47) We need time to hunt, fish and play poker. It is therapeutic for us and much cheaper than a shrink.
48) We rarely ever need new clothes or shoes except when we rip our tight pants attempting to get out of the sports car we insisted on having.
49) We all have a great sense of what the girls are thinking. That is why we always listen.
50) Brings me to mind of a famous Canadian TV show you may have heard of called the "Red Green Show." He is the guy that can fix anything with mans best friend duct tape.

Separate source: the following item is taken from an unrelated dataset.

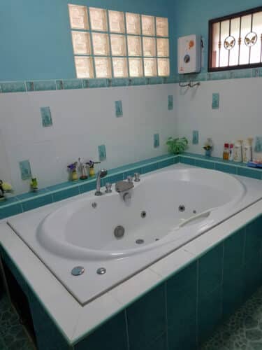 침실 5개와 욕실 5개. 넓은 거실과 넓은 다이닝 키친. 64제곱미터의 수영장. 차고 1개와 임대 주택 2개. 2 램프로 도로.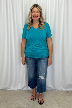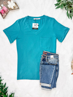 The Sophie Pocket Tee is the ultimate wardrobe essential. This versatile tee features a classic V-neckline, a chic pocket detail, and cuffed sleeves for a touch of casual elegance. Made from buttery soft, high-stretch fabric, it's perfect for layering or wearing on its own. This tee is sure to become your go-to piece for effortless style.

The closing line fellows is the one that gets me all the time. Learn it well as you will need to know this. "We are men and we can change, Red goes onto say "But only if we have too."
Red Handed Stance
They Know Guys
Should you get caught doing something you are not supposed to guys take this stance above. It works and will get you out of trouble nearly all the time. It means you have been busted. Just accept it and move onto the next silly caper.
Ladies I will speak on behalf of all the men I'm certain when I say this. Never change cause we love you. Each and everyone of you are special. Just know there are times when we fail to say thank you for being there through the good and the bad. Walk away from reading this knowing you are the best thing that has ever happened to us.